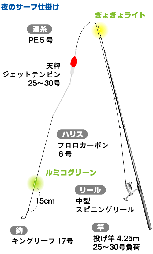 夜のサーフはドカンと一発大物のチャンス!砂浜が岩場と隣接しているような場所ではサーフにチャレンジしてみましょう。エサはイソメかユムシ。エサの上15cmには ルミコ か、超小型の ちもとホタル をセットしてください。
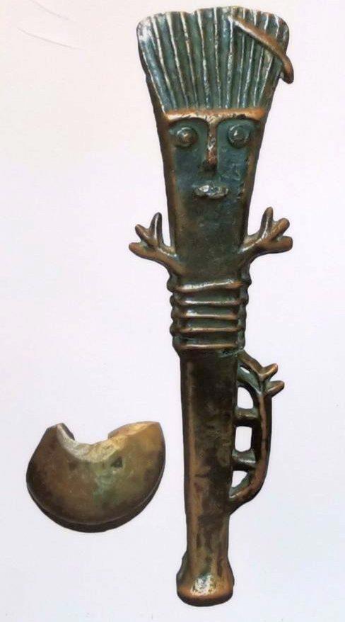 Смотрим. Слева какой-то козёл, справа – птичка, ниже птички видно то самое человекообразное с петлёй на голове (видимо образ очень важный, раз так часто встречается). Но всё же самое необычное – это фигура в центре. Его называют «древовидный идол». Действительно похоже на ветвистое дерево немного. Но лишь немного. И снова – «перекрёстные связи». Вот ещё один «древовидный идол». На этот раз из бронзы:
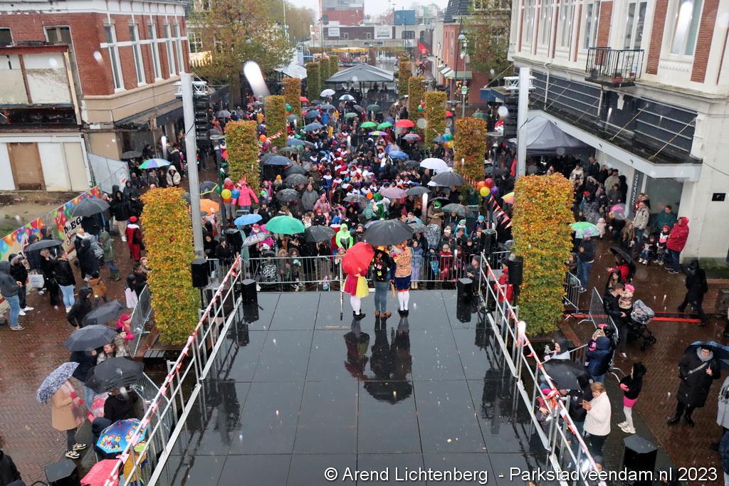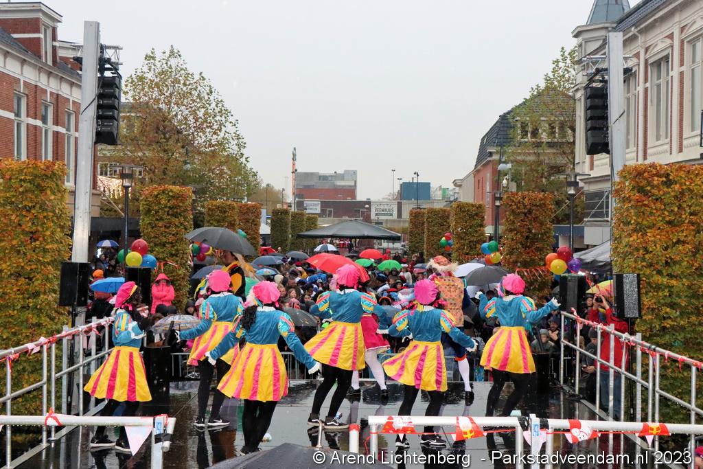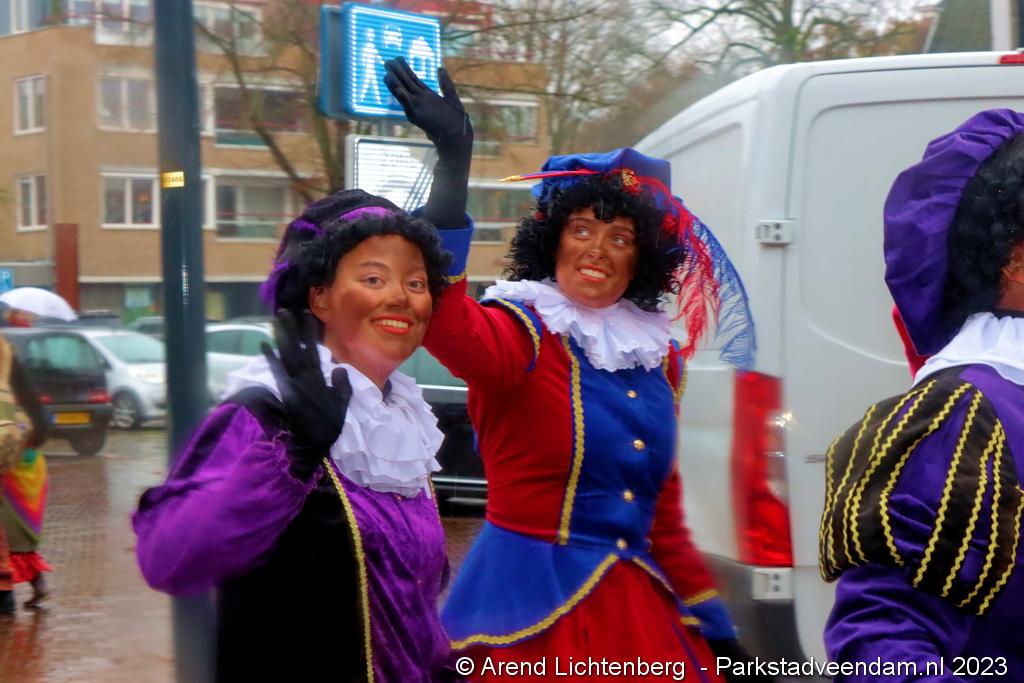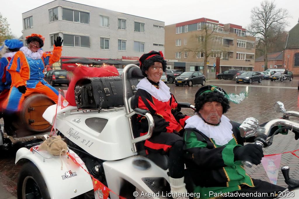 Sinterklaas ging na de aankomst bij de haven op zijn paard Ozosnel een rondrit maken door het centrum van Veendam, onder leiding van een muziekkorps en de speciale voertuigen van de pieten. Na zijn rondrit ging Sinterklaas naar het Raadhuisplein om daar alle kinderen persoonlijk te kunnen begroeten.

## Task brief
Please print, exactly as given, the lines running from the beginning of the listing through the line containing "Смотрим. Слева какой-то", omitting each picture.

## Result below
 夜のサーフはドカンと一発大物のチャンス!砂浜が岩場と隣接しているような場所ではサーフにチャレンジしてみましょう。エサはイソメかユムシ。エサの上15cmには ルミコ か、超小型の ちもとホタル をセットしてください。
 Смотрим. Слева какой-то козёл, справа – птичка, ниже птички видно то самое человекообразное с петлёй на голове (видимо образ очень важный, раз так часто встречается). Но всё же самое необычное – это фигура в центре. Его называют «древовидный идол». Действительно похоже на ветвистое дерево немного. Но лишь немного. И снова – «перекрёстные связи». Вот ещё один «древовидный идол». На этот раз из бронзы:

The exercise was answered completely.